Answer
a)
$V=31.25\cos(25t)\ V$
b)
$V=-125\cos(50t+\pi/2)=125\cos(50t-\pi/2)\ V$
c)
$V=625\cos(50t+5\pi/6)\ V$
d)
$V=-50\cos(50t+5\pi/6)=50\cos(50t-\pi/6)\ V$
Work Step by Step
given an inductor $L=250\ mH = 250\times 10^{-3}\ H$, we are required to find the voltages.
a) for current $i_c(t)=5\sin(25t)\ A$
the frequency is $\omega = 25\ Hz$
the impedance of the inductor $Z=j\omega L=j\times 25\times 250\times 10^{-3}=j6.25\ \Omega $
the voltage is
$V=I\times Z=(5\sin(25t))\times (j6.25)$
convert $sin$ to $cos$
$V=(5\cos(\pi/2-25t))\times (j6.25)$
using identity $cos(x)=cos(-x)$
$V=(5\cos(25t-\pi/2))\times (j6.25)$
convert to polar form
$V=(5\angle- 90^{\circ})\times (6.25\angle90^{\circ})$
(note: remember that $ j = 1 \angle90^{\circ}$)
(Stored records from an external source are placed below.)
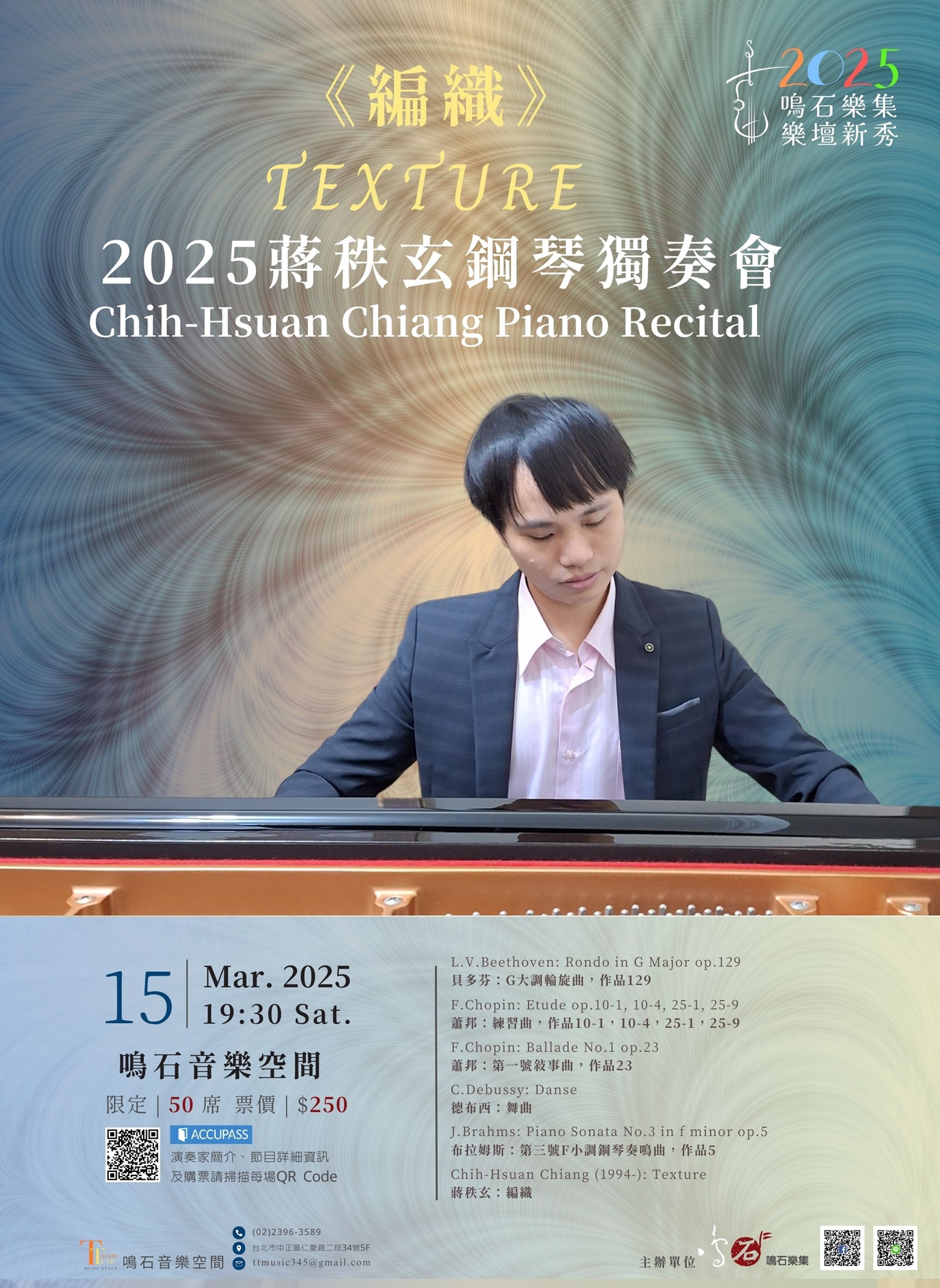每個人的性格都由不一樣的元素編織而成,人與人的關係也會有不一樣的織度,這些元素不一定非黑即白,更多的是一些灰色元素;就像不一樣的樂曲也會有著不一樣的織度,這場音樂會會使用許多曲子來讓觀眾們感受不一樣的架構編織出來的樂曲,有著不同的大小調、不一樣的和聲風格以及許多不同的結構,望觀眾能用自身的經歷或是人際關係來感受這些不同織度的樂曲。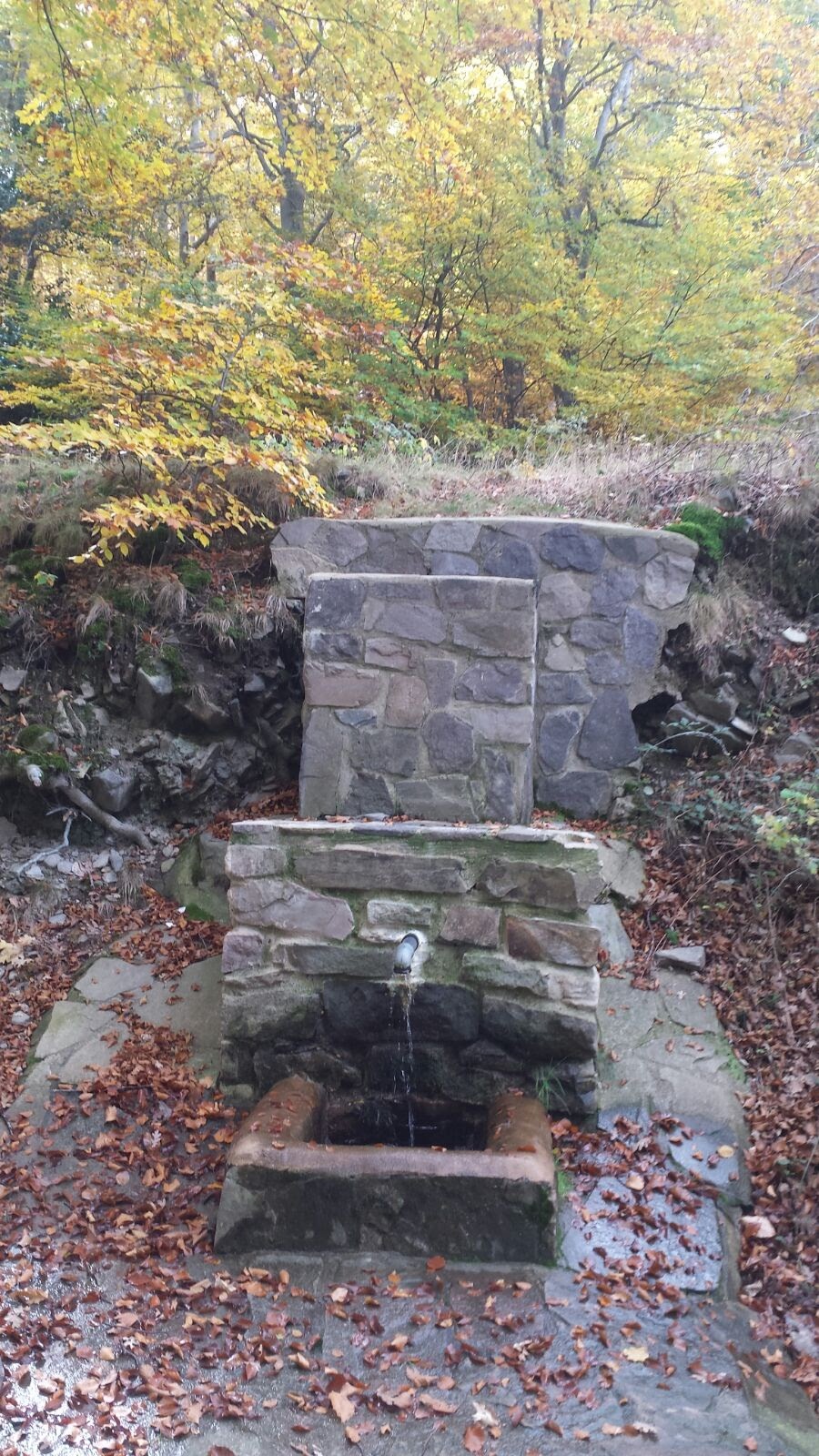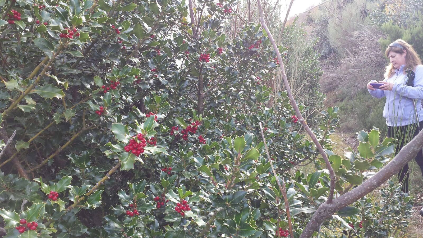 Entre arroyos, y al borde del camino majuelos, escaramujos, y acebos llegamos a una fuente donde probamos su fresquísima agua.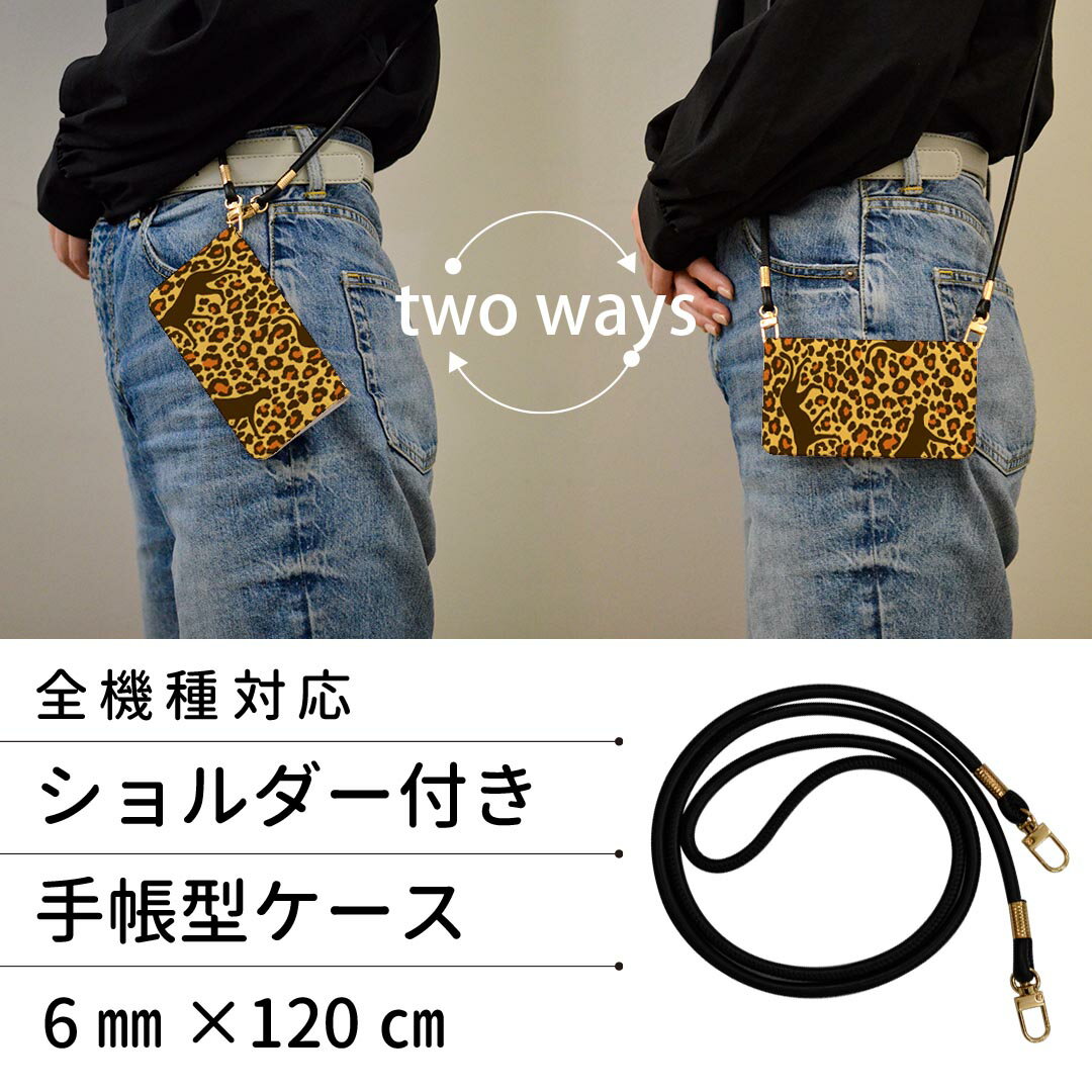 iPhone13pro 6.1インチ 専用 各キャリア iPhone13 Pro プロ 共通対応 ストラップ付き ケース ショルダー スマホ 落下防止 手帳型 マグネット式 ピタッと閉まる スマホカバー 肩掛け 斜めかけ 006797 アニマル 動物 ヒョウ柄 模様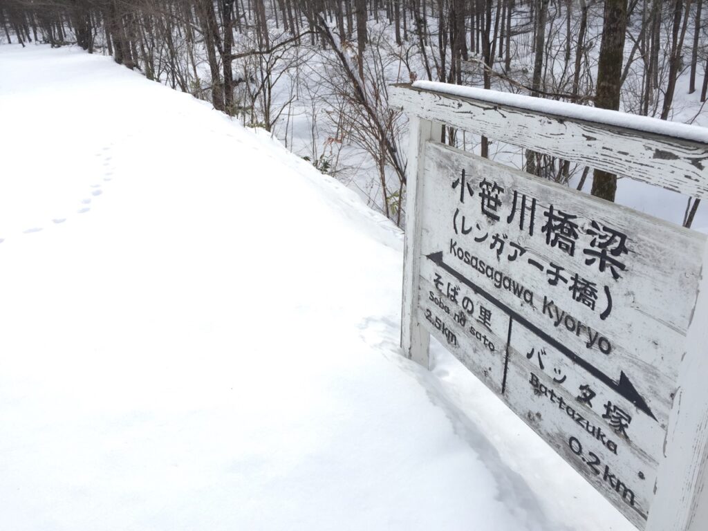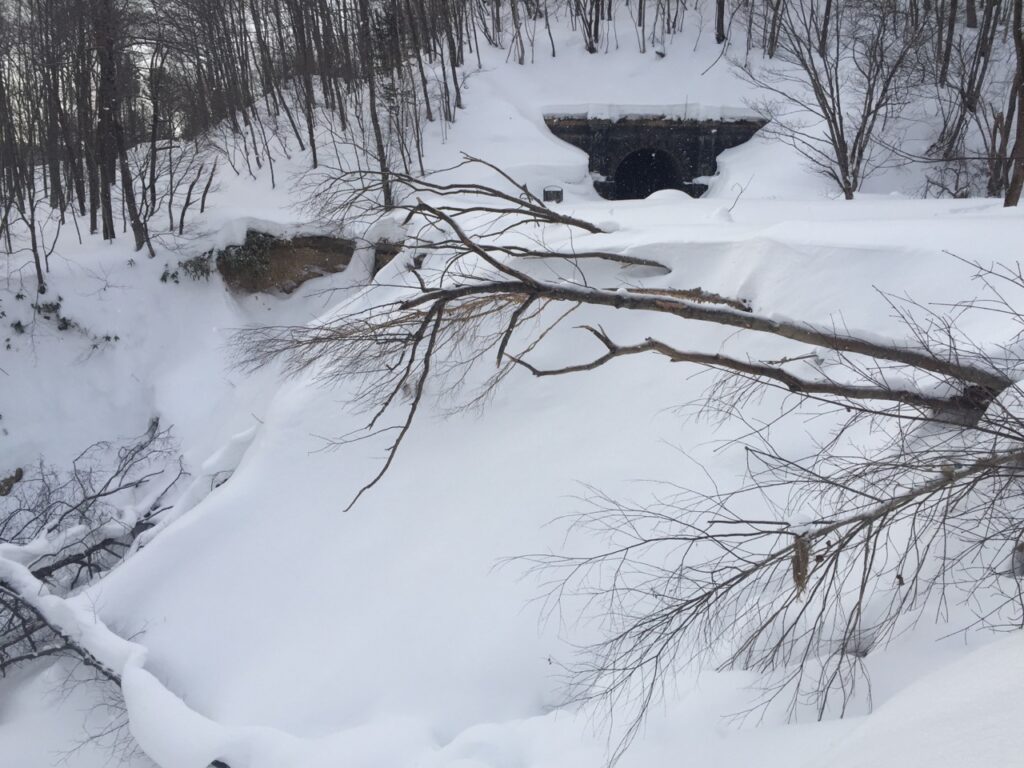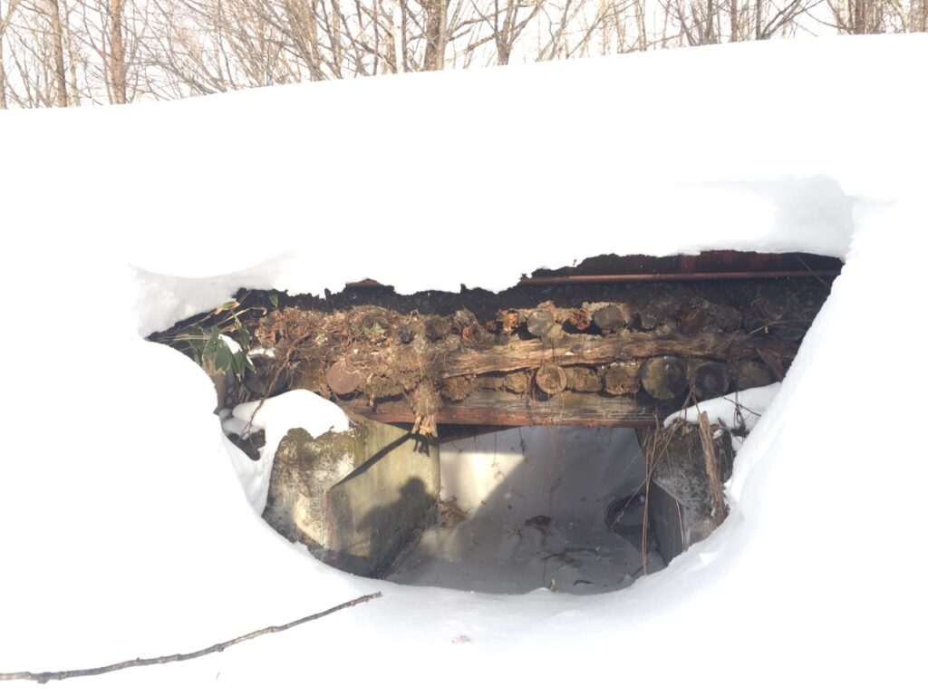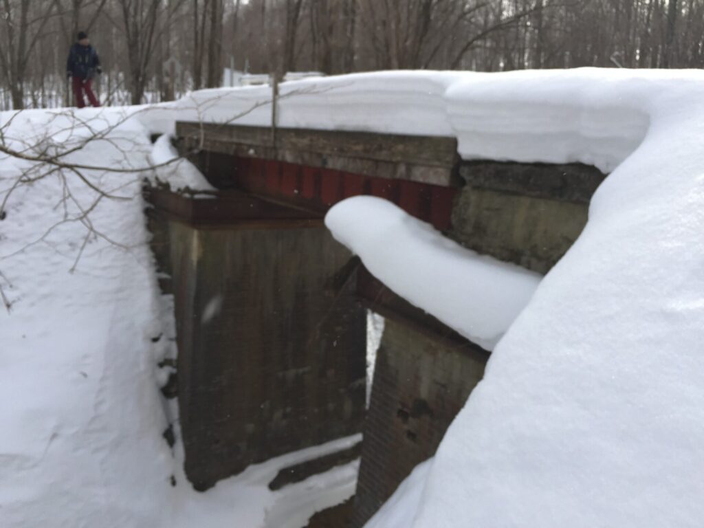 ▼鉄道時代は丸太を重ねた橋だったのだろう。その後、型鋼を載せ自動車が通れるように補強したのか?その厚さ分、フォーメーションが高いので雪の中でも何かあると気が付いた。

$V=5\times 6.25 \ \angle(90-90)^{\circ}$
$V=31.25\ \angle0^{\circ}\ V$
convert back to Cartesian form and answer is
$$V=31.25\cos(25t)\ V$$
b) for current $i_c(t)=-10\cos(50t)\ A$
the frequency is $\omega = 50 \ Hz$
the impedance of the inductor $Z=j\omega L=j\times 50\times 250\times 10^{-3}=j12.5\ \Omega $
the voltage is
$$V=I\times Z=(-10\cos(50t))\times (j12.5)=-125\cos(50t+\pi/2)\ V$$
(note: $ j $ shifts a cosine by $90^{\circ}$)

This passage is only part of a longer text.